Opportunities for Indigenous leadership to improve approaches to development in the Pacific Northwest and boreal region

We have lived in our coastal homeland in relationship with natural resources for millennia. But in recent years, we have seen a sharp decline in ocean resources such as salmon, herring, and Dungeness crabs. Overfishing has taken a toll and so has climate change, creating effects such as big blobs (warm water patches) and higher ocean carbon levels making the water more acidic and altering its chemistry, leading to thinner shells, stunted growth, and premature death in Dungeness crabs. 

Heiltsuk Guardian Watchmen track these changes and draw from the expertise of knowledge keepers that has developed over generations. Their research is shaping the Heiltsuk Nation’s decisions about how many crabs can be taken from the water and which areas must be protected to help them recover. 

The same pattern is unfolding across the country. There are over 70 Indigenous Guardians programs operating in Canada. Guardians are the eyes and the ears out on the land and the water, and they are helping their Nations respond to climate change. They monitor shifts in the timing of when migratory birds arrive, where caribou find food in winter, when rivers melt in spring, how salmon populations are faring, how drought impacts red cedar, and why wildfires are growing more intense. 

Indigenous Guardians are playing a vital role in creating and managing Indigenous Protected and Conserved Areas (IPCAs) across Canada. These areas are critical to Canada’s ability to meet its international climate change and biodiversity commitments, now and in the future.

Indigenous-led conservation is proven to generate sustainable prosperity. Guardians programs offer well-paying jobs that create outsized benefits in small communities—each job supporting family members and purchases in the local economy. IPCAs and Guardians programs also generate new business opportunities and spur investment in regional economies. 

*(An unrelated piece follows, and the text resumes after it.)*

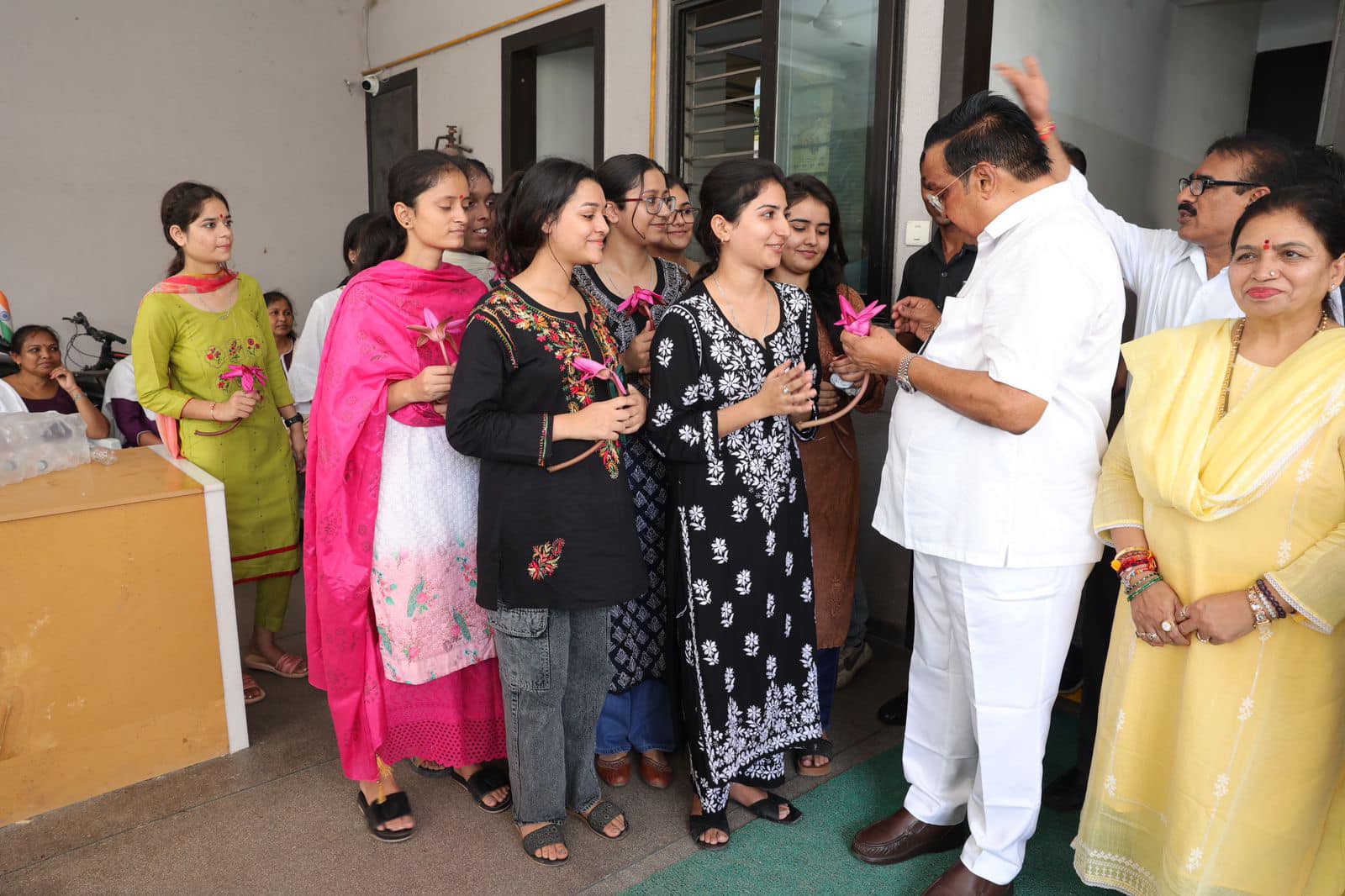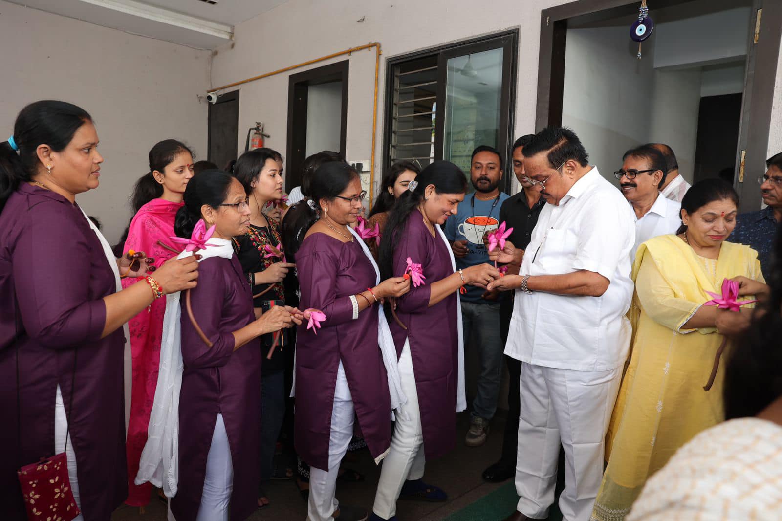 આજે સુરત ખાતેનાં મારા નિવાસ સ્થાને સિવિલ હોસ્પિટલની નર્સ બહેનો સાથે રક્ષાબંધનનું પવિત્ર પર્વ ઉજવ્યું. નર્સ બહેનોની સુખાકારી અને સ્વસ્થ સ્વાસ્થ્ય માટે ઇશ્વરને પ્રાર્થના કરી.

Local and traditional knowledge teaches us about long-standing natural systems and processes that have been similar for generations. Climate change disrupts these patterns with erratic shifts in snowpack, ocean chemistry, and timing of seasons. 

Indigenous-led conservation is proven to generate sustainable prosperity.

A premise of western research is to establish a baseline. In some cases, western science has between 20 and 80 years worth of data for Northern landscapes. But local Indigenous knowledge is thousands of years old. It is imperative that these two knowledge systems work together to address the climate crisis. 

Guardians programs reflect this powerful combination. They join place-based expertise with western tools for measuring water temperature, salinity, permafrost, and other data. 

Governments have a role in limiting risks and expanding Indigenous-led opportunities

In many locations, Guardians are the only ones on the land tracking climate change. Crown governments simply don’t have the financial resources to put field stations in remote areas to do this work across the North, but Guardians are already on the ground working in traditional territories. Partnering with Indigenous nations is a fiscally sound approach to helping mitigate climate impacts. 

We need the Guardians’ knowledge to inform climate-related policies and decisions, whether it’s setting limits on Dungeness crab harvests or reducing development in carbon-rich lands. Several Indigenous nations, for instance, have proposed creating Indigenous Protected and Conserved Areas in the Boreal Forest. The boreal is the largest remaining intact forest left on the planet, and in Canada alone, it holds about 12 percent of the world’s land-based carbon reserves. Indigenous Protected and Conservated Areas ensure large boreal lands remain undisturbed and prevent enormous amounts of carbon from being released into the atmosphere

Taken together, current proposals would permanently protect well over 20 billion tonnes of carbon—equivalent to almost 100 years of Canada’s annual industrial greenhouse gas emissions. 

The work of Guardians benefits not only Indigenous communities, but all of humanity. Guardians draw on thousands of years of relationship with the land to ensure resources that we all depend on—from crab to caribou, clean waters to carbon storehouses—are sustained into the future. As the climate crisis intensifies, it’s time for Canada to support this work. Providing long-term investment in Guardians programs will help Canada honour its climate and conservation commitments and help all of us navigate our changing world. 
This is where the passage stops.